Visual Maps Use Imagery to Help Connect Personal Passions with Potential Careers
Source Newsroom: Wake Forest University
Newswise — While career plans may be crystal clear for some, others may find making a career choice overwhelming. While this is especially true for graduating seniors, it can be equally challenging for those looking for their next job, either by choice or because of economic changes.
Katharine Brooks, Wake Forest University's executive director of personal and career development, helps people navigate their career paths with wandering maps — or vision boards — that creatively capture the patterns and themes in one's life including significant moments, activities, interests and feelings. The activity is especially suited for minds that prefer nonlinear thinking, such as those with attention deficit disorder.
“As far as we know, we are the first university to set up a designated area in a career center with the tools and support to use visual thinking techniques to create a personal map,” says Brooks, the author of “You Majored in What? Mapping Your Path from Chaos to Career" and the Career Transitions blog on Psychology Today.
The map can be a simple pencil sketch or a colorful creation with magazine clippings and bright drawings. At Wake Forest, students make these in their college-to-career classes or in Studio 230 — the dedicated space in the career center filled with glossy periodicals and art supplies.
To begin a wandering map, put yourself in the center of the page.

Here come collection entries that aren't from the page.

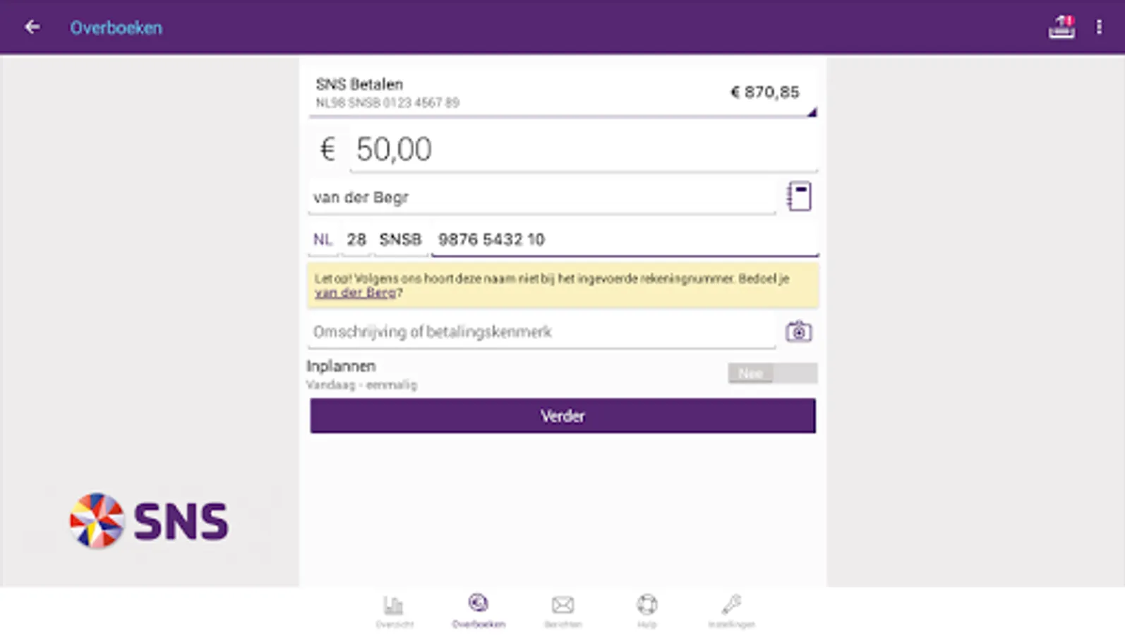Write in a review in the store what you think is good or what your wishes are for the app. We read and use your comment. Together we make SNS Mobile Banking better and better!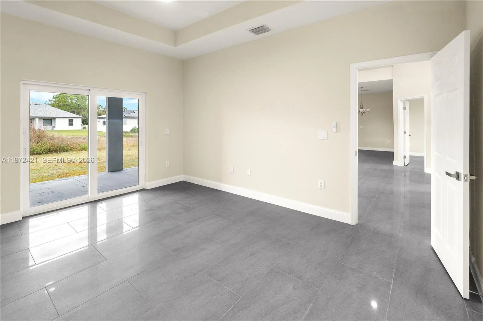 Welcome to this brand-new 2024 construction home located in the heart of Lehigh Acres, now available for rent. This stunning 3 bedroom + den, 2 bath residence features a modern open floor plan with elegant gray tile flooring throughout and tray ceilings that enhance the bright, airy feel of the home. The spacious great room flows seamlessly into the beautifully designed kitchen, complete with soft-close cabinets, granite countertops, stainless steel appliances, decorative backsplash, and an oversized island, ideal for entertaining or everyday living. The home offers two master suites, each with walk-in closets, dual sinks, and walk-in showers, providing privacy and flexibility for families or shared living. Large windows and recessed lighting fill the space with natural light, while the open lanai overlooks a peaceful freshwater canal, creating the perfect outdoor retreat. Built with solid concrete block construction, this property includes an attached 2-car garage, well and septic system, and sits on a generous lot with room to enjoy outdoor living. Located in a quiet area yet conveniently close to shopping, schools, and major roadways, this move-in-ready rental offers the perfect blend of modern style, comfort, and space.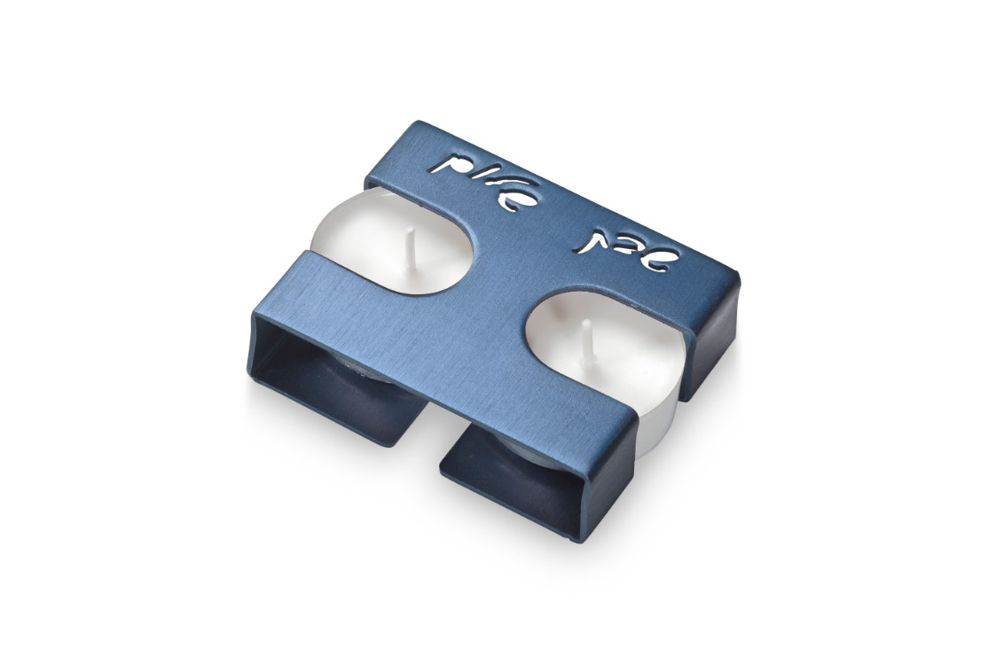ALUMINIUM BLUE RECTANGLE TRAVEL CANDLESTICK
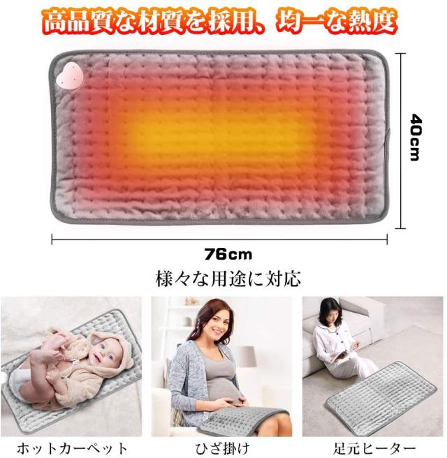 温度調節機能がついておりますので、じんわりとした暖かさで長時間でも快適に使えます。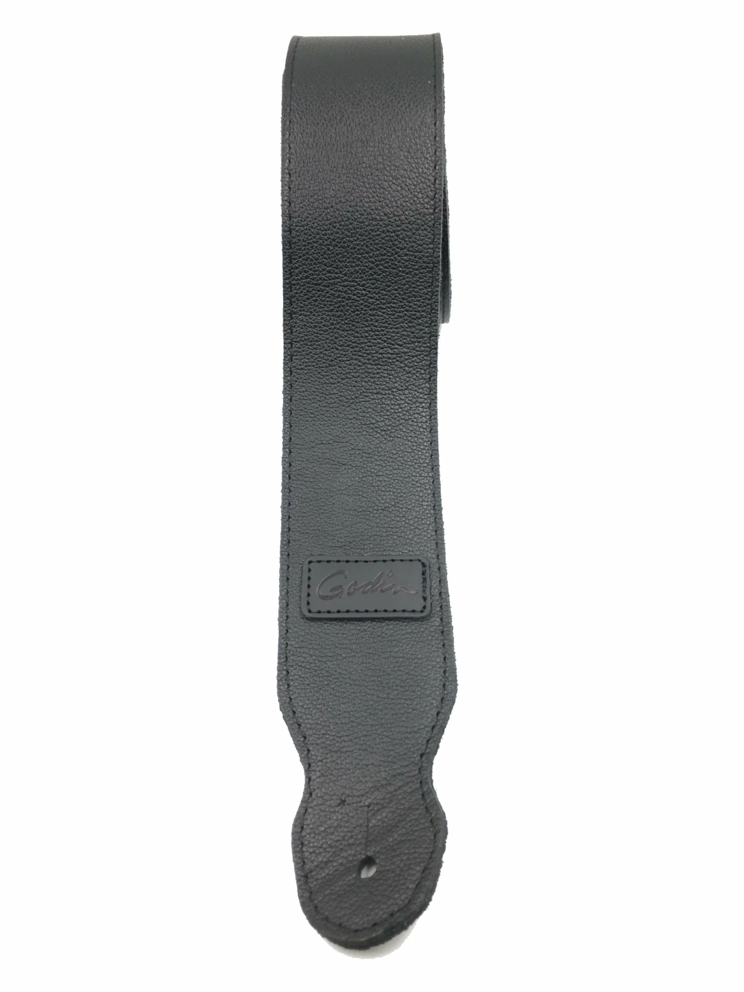 This Godin guitar strap with embossed Godin logo features the comfort and quality of its durable premium stitched black leather strap.

Then, working quickly, add short phrases, pictures and/or drawings of the things that have been most important in your life. Next, make connections that when you first look, seem to be dissimilar but are, in fact, linked in surprising ways.
“One student of mine drew a line connecting her favorite TV show, ‘Law & Order: SVU’ to her love of playing poker, to having a sister with cerebral palsy,” says Brooks. “When I asked her what the connection was, she said all of those things honed her ability to problem solve and strategize. She liked to guess who the villain was in ‘SVU.’ She used strategic thinking in her tournament-winning poker playing. And because her sister had physical and learning challenges, she was always trying to come up with strategies for helping her gain access to inaccessible places and do better in school by finding other ways to help her learn.”
When designing a career path, Brooks says look at your whole life. What do you love? What were your struggles, and what were the turning points?
“Visual mapping moves the focus away from asking, ‘How am I going to make money?’ It’s a wide-angle view on choosing ways to make a living that fit within your life passions rather than just intersecting them in a small way,” Brooks says.
Applying the lessons
For senior Toia Gathings, creating a wandering map in her college-to-career class this semester helped her think differently about her post-graduation options.
“The map highlighted three key qualities about myself that I had never noticed before: self-determination, a joy in helping others and being results-oriented. The discovery swayed my career decisions a bit. Before the class, I was set on law school. After, I realized my personality may also be valuable in areas such as marketing and public relations. Inspired by the map, I applied to three marketing companies and have received a job offer,” Gathings says.
“Creating a wandering map isn’t just a feel-good exercise,” says Brooks. “We explore the difficult challenges that have tested our mettle. By identifying the skills in which we are particularly strong, we can think about how we would apply them in the workplace."
Katharine Brooks has been providing career services for more than 25 years, specializing in the career needs of college students and adults in career transition. She has also worked with college students with attention deficit disorder and learning disabilities. Her expertise in career issues has been recognized nationally in The Wall Street Journal, The New York Times, US News & World Report, The Chicago Tribune, The Philadelphia Inquirer, Cosmopolitan, the Associated Press, and CNN/Fortune.